Mansoura Ez Eldin's novel "Shadow Specters": The fantasy of wholeness








Marija M. Bulatovic shares her impressions of "Shadow Specters" by Mansoura Ez Eldin – recently translated into Serbian by Dragana Djordjevic as "Priviđenja iz senke"


Mansoura Ez Eldin’s novel "Shadow Spectersreminded me of a very common experience that each of us will be familiar with: the moment of waking up in a dark room. At first, except for darkness, we discern almost nothing, until suddenly, out of shape, outlines of certain forms begin to appear.
These forms emerge from the dark, obscure, disfigured, and often in such a state of perceptual consciousness that we take them to be something quite different, owing to the minimal amount of the light they absorb. Such chimeras, born out of the play of light and dark, lightness and shadow, are found in the evaporation zone of form and matter in Mansoura Ez Eldin’s novel.
The novel is "a very complicated story" (phrase taken from the title of one of the chapters), which begins and ends with the conversation of two characters, two artists, on a bench in front of the Kafka Museum in Prague. That conversation becomes the "trigger" for numerous reminiscences, spectra of colors, sounds, fragrances, new stories and narrative sub-plots, raising issues of artistic creativity and outlining the unfinished intellectual portrait of the artist – more precisely, the portrait of the (woman) writer.

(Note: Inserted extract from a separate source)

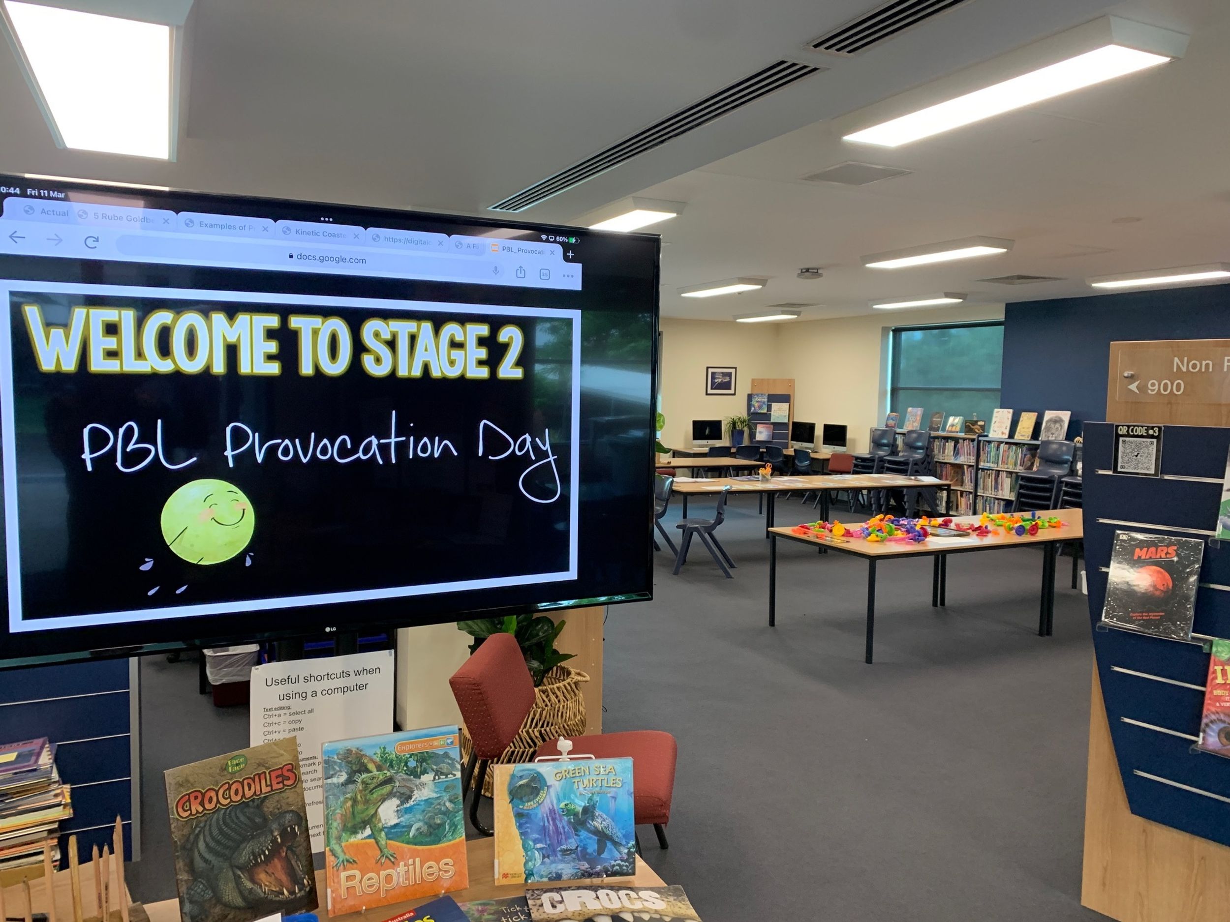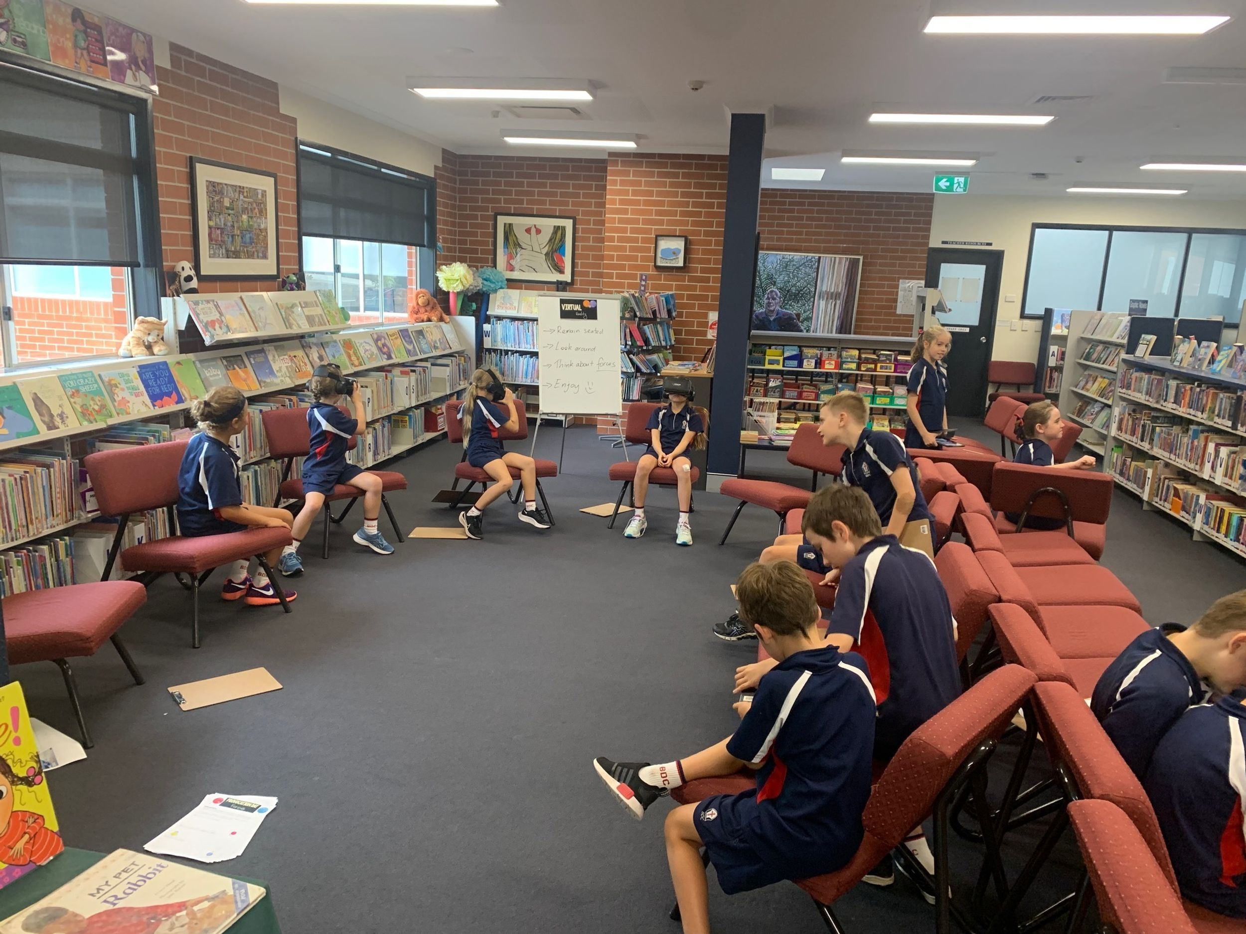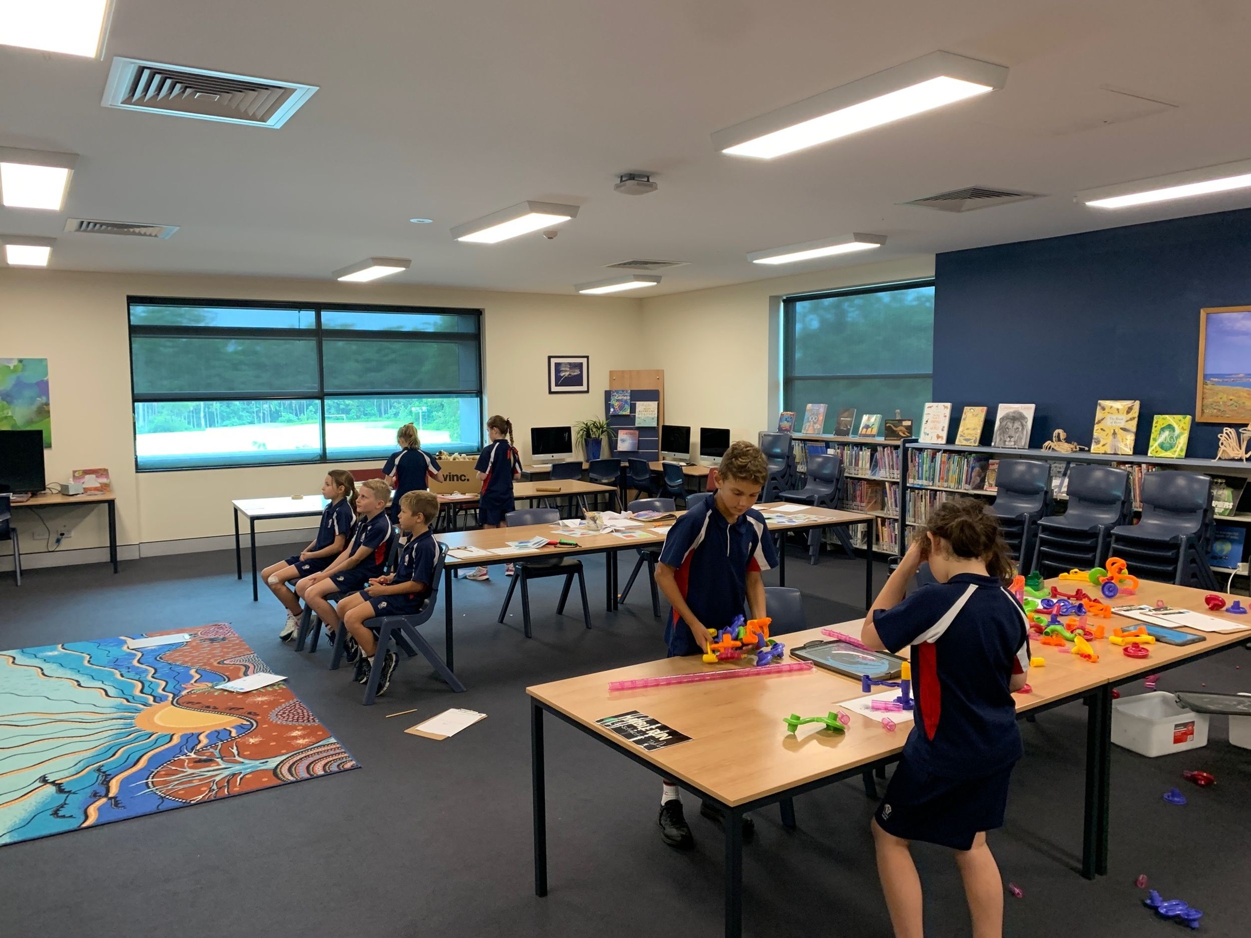 There were multiple activities and technologies set up across the Primary Library space designed to provoke interest and open discussion about what the project could involve and what knowledge of forces would be required.

Along the porous boundary between dream and reality

"I'm writing because I seek to become whole, "says one of the female characters. Shakespeare's formula from A Midsummer Night's Dream is applied in the novel: the writer's pen gives shape to the unknown things by naming them, that is, "the airy nothing", or "the essence of the empty(Lao Tzu’s void), places in the appropriate aesthetic form.
In the novel, the aesthetic form is defined through the relation of light and shade, the porous boundary between dream and reality, fiction and faction. As a result there are no clear contours, since the form takes on a certain amount of light and thus defines itself. This is how the subject "grasps" reality.
However, we are not talking about just any recipient of reality, the protagonist is an artist whose perception is "aesthetically adjusted". Artistic perception is simultaneously a creative process – based on the individual's perception – which is formative. Knowledge-based mastery of reality, or more precisely, "sorting out" the chaos of everyday impressions, is also a creative process.
Ez Eldin's playful, experimental book draws on a long line of avant-garde and postmodernist texts. It certainly represents a real gem for narratologists. Even though the book has been specified as belonging to the novel genre, it is possible to read it as a collection of stories using distinctive language of poetic prose. The narrator introduces us to the narrative – "making a pact" with the reader – and dramatically introduces us to space, events, but also to the consciousness of the various characters through the technique of free indirect speech.
Art becomes a gateway to a new dimension of reality: in this play of shadows, different spectra of reality are revealed – between the states of wakefulness and dreaming. Literature lists the layers of reality and reveals its deeper hidden and silenced structures, as Ez Eldin notes in her interviews. This is what this novel is really about.

Intertwining narratives

My reasons for initially comparing the novel to a common experience may be attributed not only to my own personal response to Ez Eldin's writing, but also to the noticeable intertwining of the narratives in dreamy, mythical and anthropological spaces, dreams that have the value of an embedded narrative or even attain mythological status.
The boundary between dream space and reality in the novel remains undefined, just as there is no clear contour between lightness and shadow. An embedded story in the process of being written, for example, is interrupted by the memory or associations of the one writing and thus flows into another narrative. The boundary between the real and the unreal is set exactly as it really is – indistinguishable.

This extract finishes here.